Правильнее было бы сразу разобраться с чемоданом, но Энн вначале не догадалась об этом, подошла к ресепшену, а уж потом решила не возвращаться. А сейчас она никак не может выбрать правильную линию поведения, потому что ей совсем не хочется иметь дело с этой китайской компанией. Именно с этой компанией, хотя и с любой другой китайской компанией – тоже!
Несмотря на бурную жизнь, – кутежи, поездки, вечеринки, – у Энн не было опыта близких отношений с китайцами, даже мысли о чем-то подобном не возникало – неужели среди этих желтых истуканов могут оказаться мужчины?
Она признает только европейских мужчин, из восточных – конечно, арабов (ей особенно арабы нравятся), а русских – постольку-поскольку… Но уж никак не китайских. Впрочем, какая разница? Просто надо снять чемодан, и все. Но если в экспрессе нет свободных мест, придется возвращаться. А если… Если сейчас вернуться за чемоданом, придется возвращаться дважды.
Можно ли не возвращаться? Например, застолбить свободное место и уйти без поклажи? Нет, совсем отказаться от чемодана – это было бы неправильно. Поезд суперскоростной, но до Москвы все равно восемь часов. Может, она решит все-таки ехать до Амстердама, это уже десять часов. Энн не чушка какая-нибудь – надо душ принять, сменить трусики, бюстгальтер… Бюстгальтер – не так важно, она и без него хорошо смотрится. Надо выяснить, где здесь белая женщина может принять душ, – билет-то ей немало стоил. Нет, без чемоданчика не обойтись. Хорошо бы это дело где-то перекурить. Здесь везде запрещено, попробовать в тамбуре между вагонами, что ли?
Невысокий, но мускулистый офицер бесстрастно следил за игрой настроений на лице долговязой пассажирки.
– Чем могу помочь, fru? – спросил он на шведском.

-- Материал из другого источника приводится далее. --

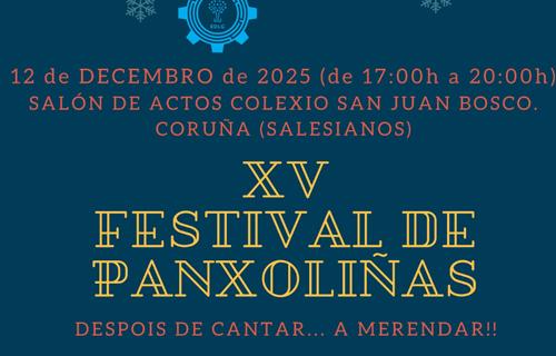 O CPR San Xoán Bosco (Salesianos) da Coruña acollerá o vindeiro 12 de decembro, de 17.00 a 20.00 h, o XV Festival de Panxoliñas. Unha iniciativa promovida por Escolas Católicas de Galicia co apoio da Secretaría Xeral da Lingua e outras entidades para fomentar os cantos de Nadal en galego.
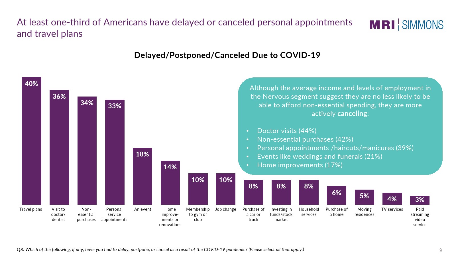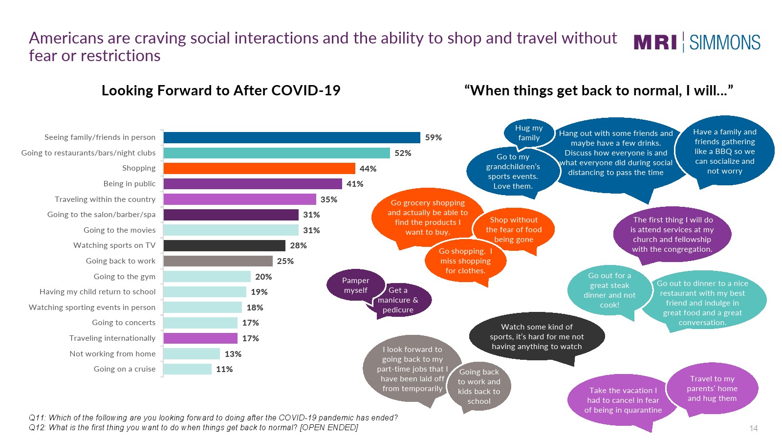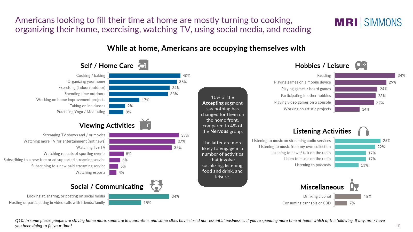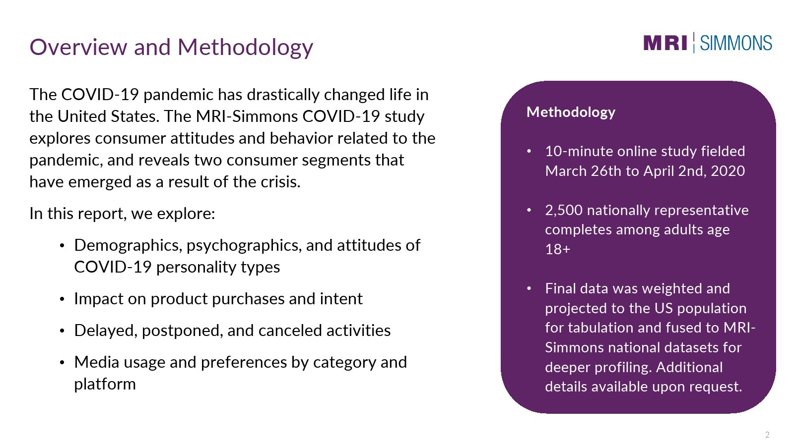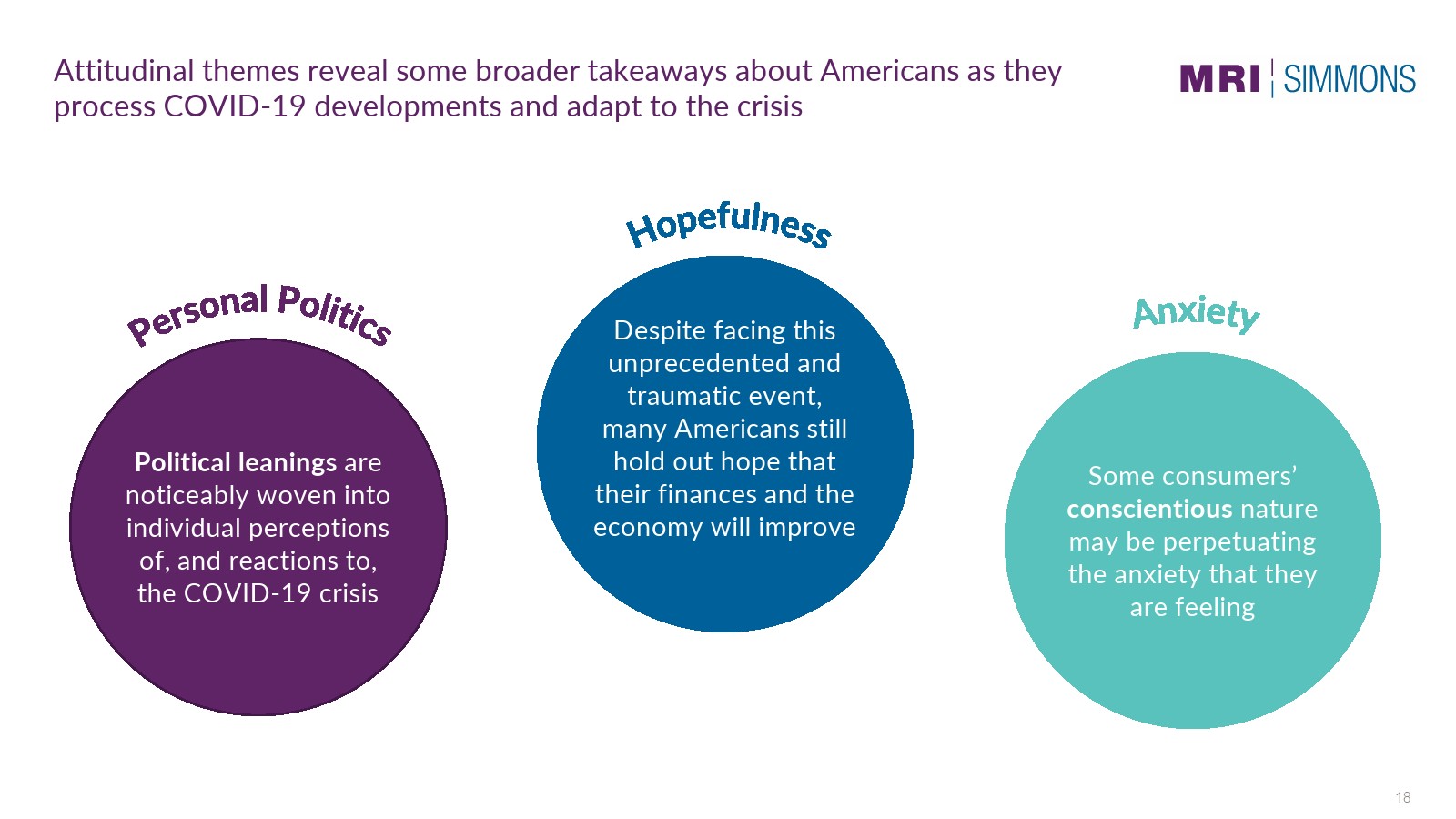 MRI-Simmons对冠状病毒危机导致的消费者行为和态度改变进行了深入分析。此次调查覆盖MRI-Simmons具有全国代表性的数据集,为营销人员和媒体提供6万个消费者元素的更深层次的剖析,包括数百个心理特征、产品类别和数千个品牌。

«Японский мускулоид принял меня за шведку – неплохо для начала! Герм любит говорить, что у меня нордический тип», – подумала Энн и ответила на английском:
– О боже, я не fru и не миссис, а мисс или в крайнем случае froken, если хотите.
– Простите, леди, я ошибся.
– Нет, офицер, вы не ошиблись, заговорив со мной по-шведски. Вы довольно достоверно меня распознали и в конечном счете успешно идентифицировали.
Настроение Энн внезапно улучшилось. Она забыла, что перед ней просто робот, и непроизвольно обронила и рассыпала по полу несколько своих фирменных улыбок. Правильно ли она поступает, оформляя свои действия белозубым обрамлением? Не столь уж оно белозубое, как в прежние времена: местами желтые сколы на зубах, а кое-где и оголившиеся от пародонтоза корни. Не успела привести все в идеальный порядок перед отъездом – придется заняться этим по прибытии в Москву.
Или все-таки в Амстердаме? Пока все не так страшно – дефекты не столь велики и не бросаются в глаза, но следует сохранять осторожность. Тем более что теперь разница между роботом и обычным человеком не так уж и заметна. Интересно, распространяется ли на биороботов юридическое право иметь собственность? Ну, хотя бы на мускулоидов. Интересный вопрос. Среди них есть весьма энергичные и шустрые типчики – почему бы кому-то из мускулоидов не стать олигархом, например?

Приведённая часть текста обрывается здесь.